▶ Recorded information:
******

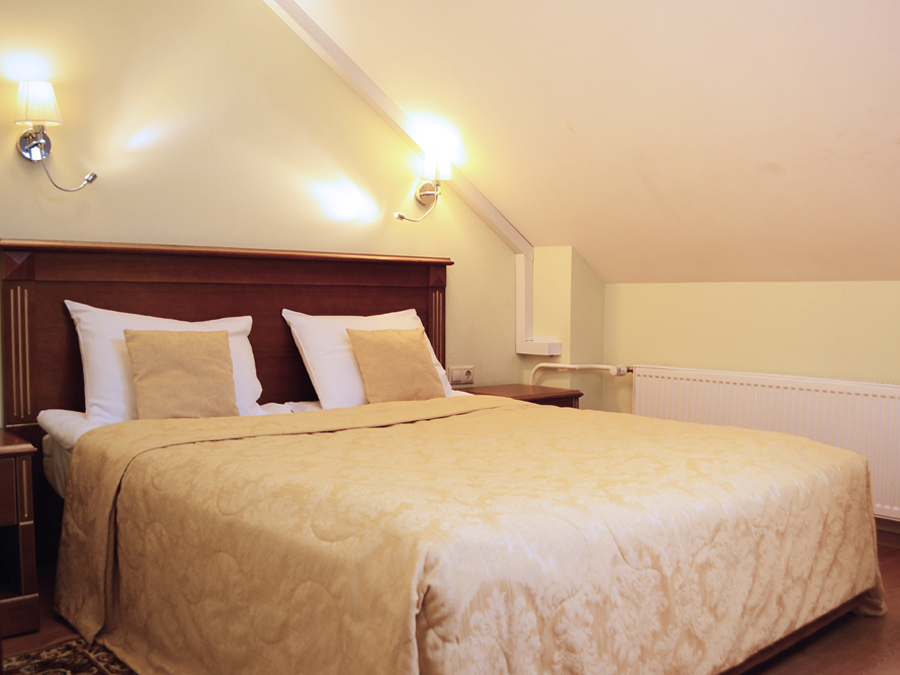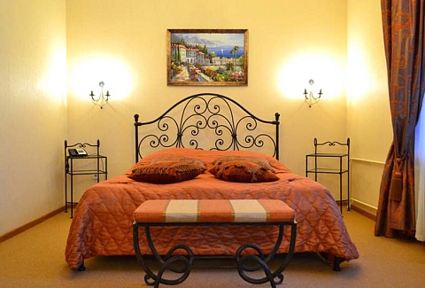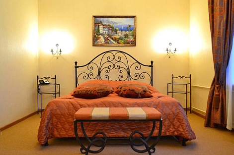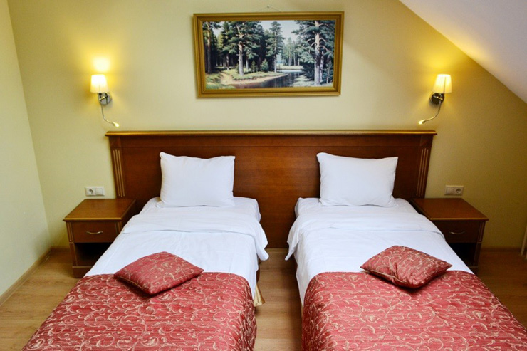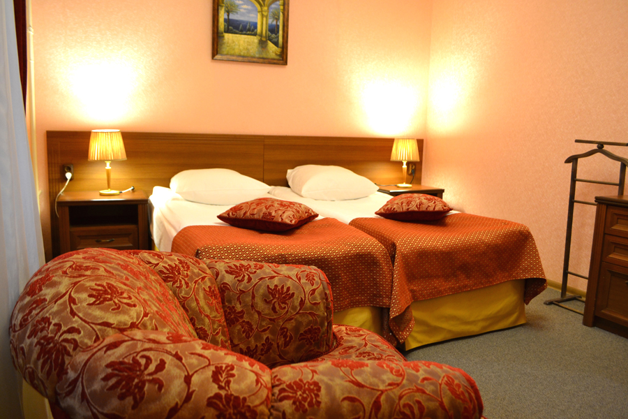 В номере: вешалка, зеркало, кресло, кровати односпальные /одна двуспальная кровать, прикроватные тумбочки, стол, стул, шкаф, мини-холодильник, набор посуды, телевизор, телефон
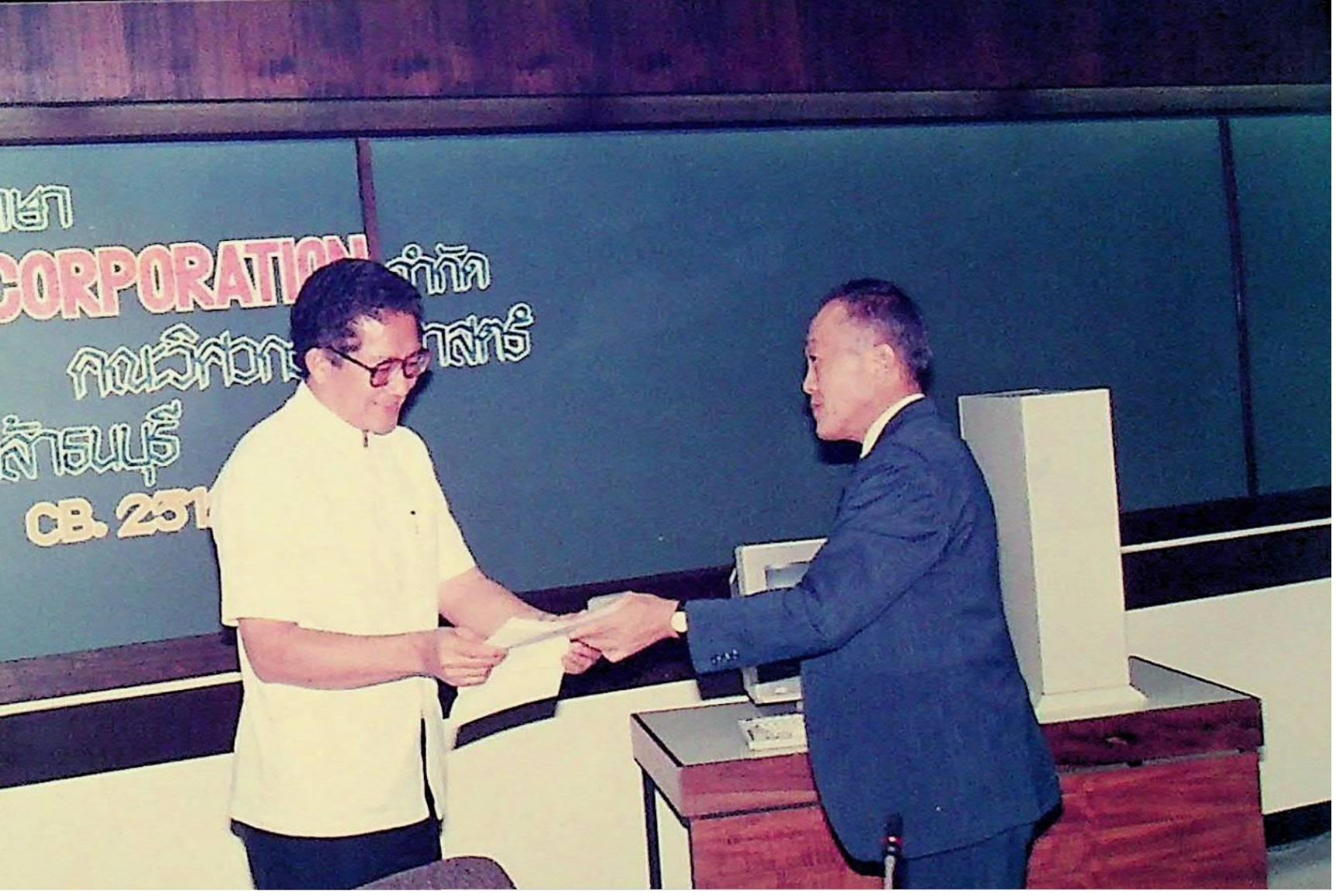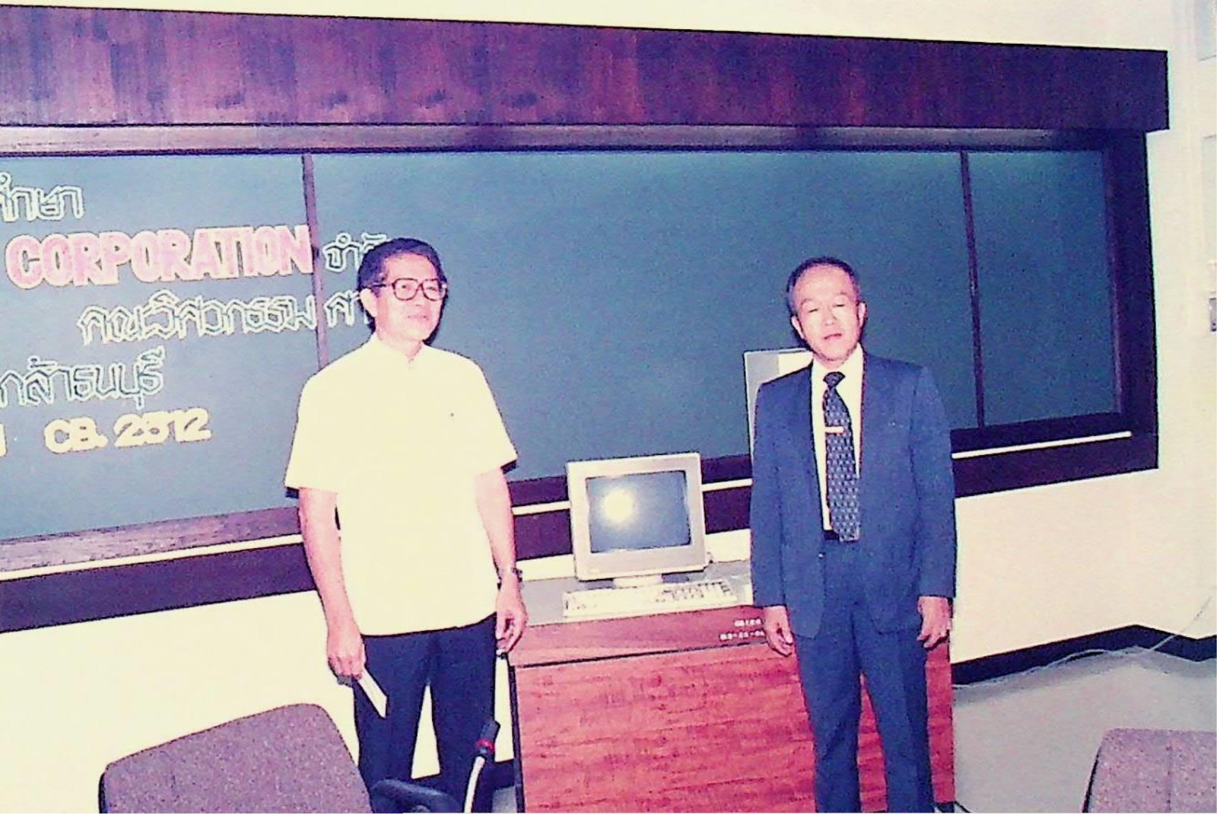 อธิการบดีเป็นประธานรับมอบเครื่องไมโครคอมพิวเตอร์ 32 บิต จากบริษัท โตโย เอนจิเนียริง คอร์ปอเรชัน จำกัด มอบให้กับภาควิชาวิศวกรรมเครื่องกล ณ CB 2207 ในวันที่ 4 ตุลาคม 2533 จากภาพถ่ายอัลบั้มที่ 3355
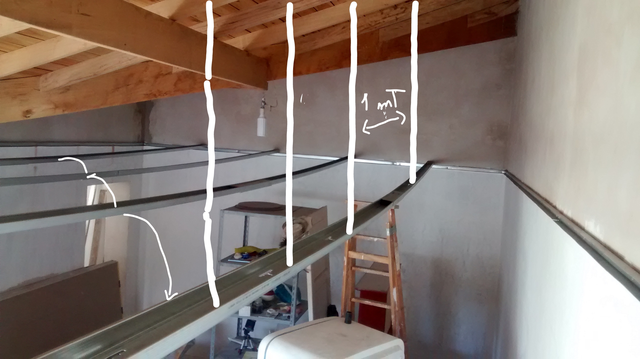[attachment=0]CYMERA_20160324_162158.jpg[/attachment]HolA Daniel, comenze a empalmar las maestras y los montantes, todo ok.te cuento que las maestras que coloque me quedaron a 0.83 cm de distancia entre una y otra, no de 1 m como me sugeriste ...es lo mismo? Y por otro lado...te muestro coo va quedando la cosa.solo estan presentadas las maestras, pregunta....
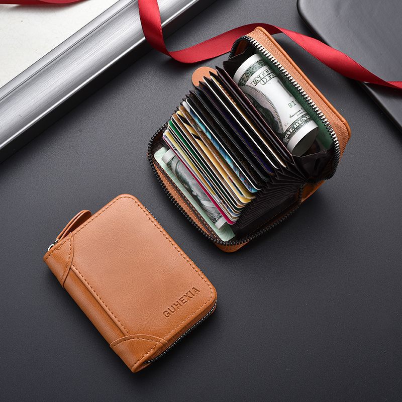 本革カードケース男性消磁防止カードカバー女性用マルチカードホルダーファスナー付信用状カードケース
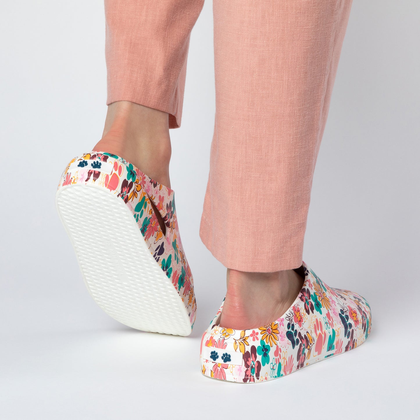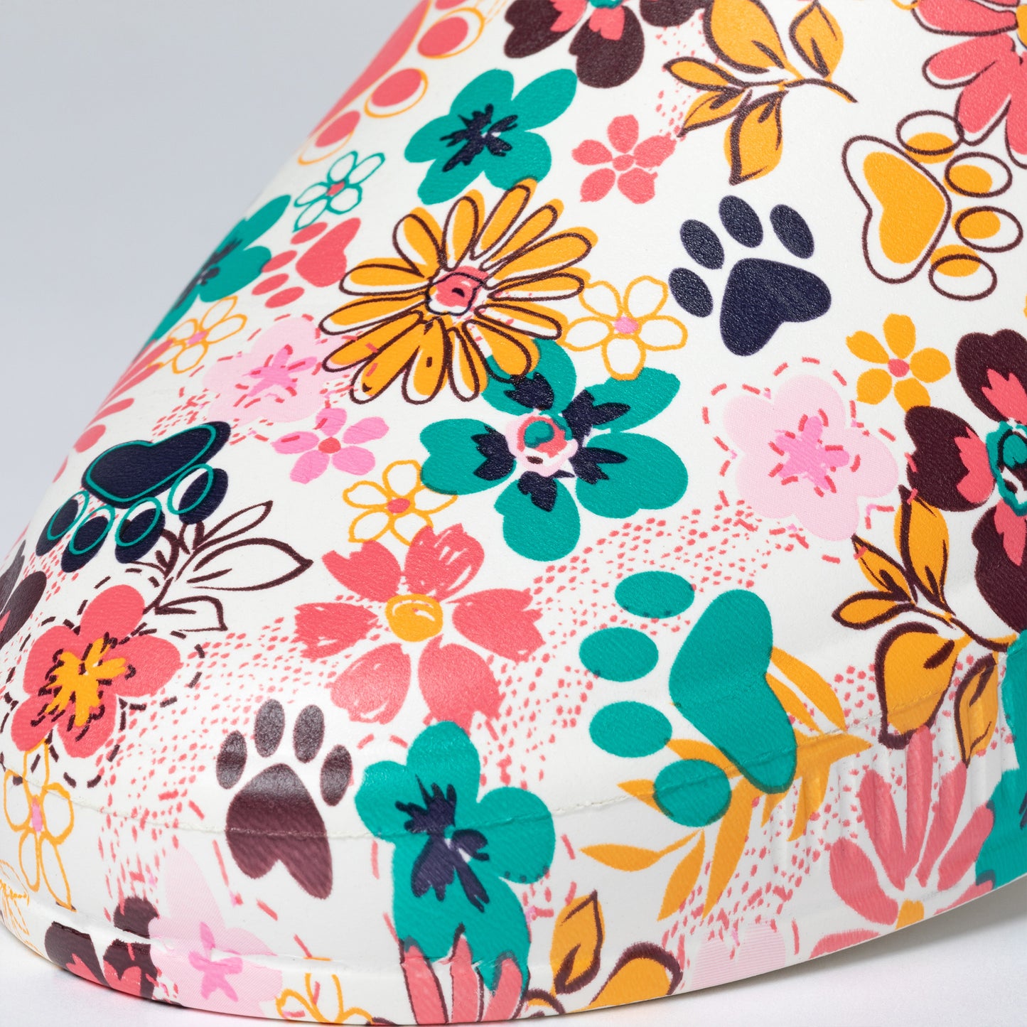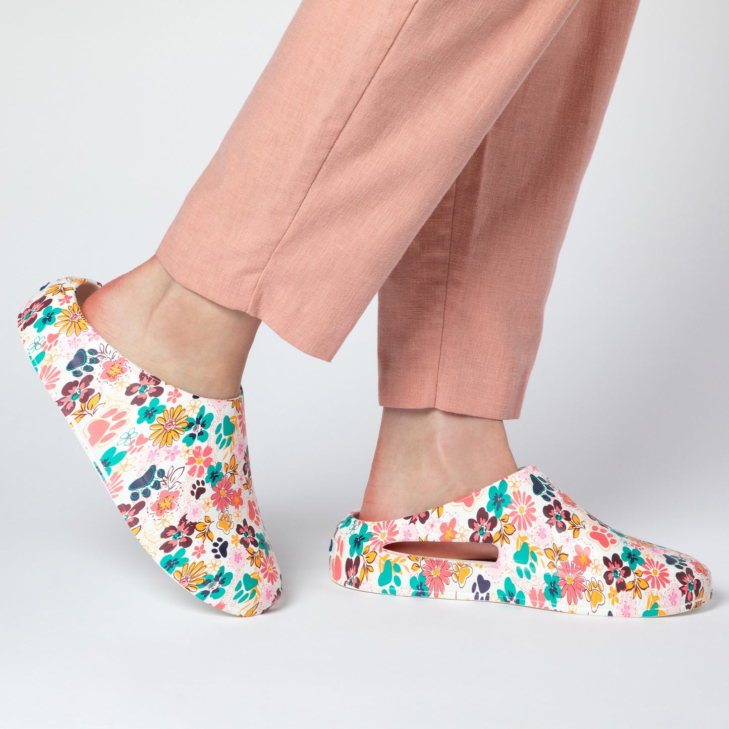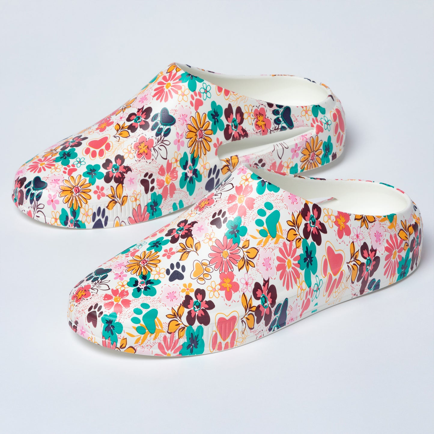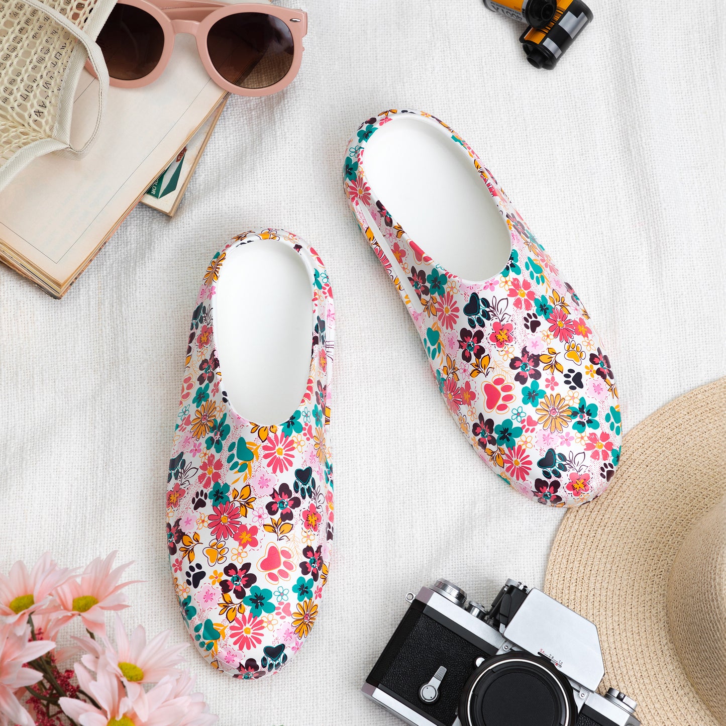 Brighten every step with these colorful slip-on clogs! Featuring a charming paw print and floral design, these ultra-light EVA clogs are perfect for effortless everyday wear. The slip-on style ensures convenience, while side ventilation holes keep your feet cool and comfortable. Whether you're strolling through the garden, running errands, or relaxing at home, these fun and functional clogs add a pop of personality to every stride!

******

▶ The problem:
Copy exactly, leaving out pictures, the lines from the line containing "las maestras, pregunta...." through the last line of the records.

▶ Result of the task:
[attachment=0]CYMERA_20160324_162158.jpg[/attachment]HolA Daniel, comenze a empalmar las maestras y los montantes, todo ok.te cuento que las maestras que coloque me quedaron a 0.83 cm de distancia entre una y otra, no de 1 m como me sugeriste ...es lo mismo? Y por otro lado...te muestro coo va quedando la cosa.solo estan presentadas las maestras, pregunta....
 本革カードケース男性消磁防止カードカバー女性用マルチカードホルダーファスナー付信用状カードケース
 Brighten every step with these colorful slip-on clogs! Featuring a charming paw print and floral design, these ultra-light EVA clogs are perfect for effortless everyday wear. The slip-on style ensures convenience, while side ventilation holes keep your feet cool and comfortable. Whether you're strolling through the garden, running errands, or relaxing at home, these fun and functional clogs add a pop of personality to every stride!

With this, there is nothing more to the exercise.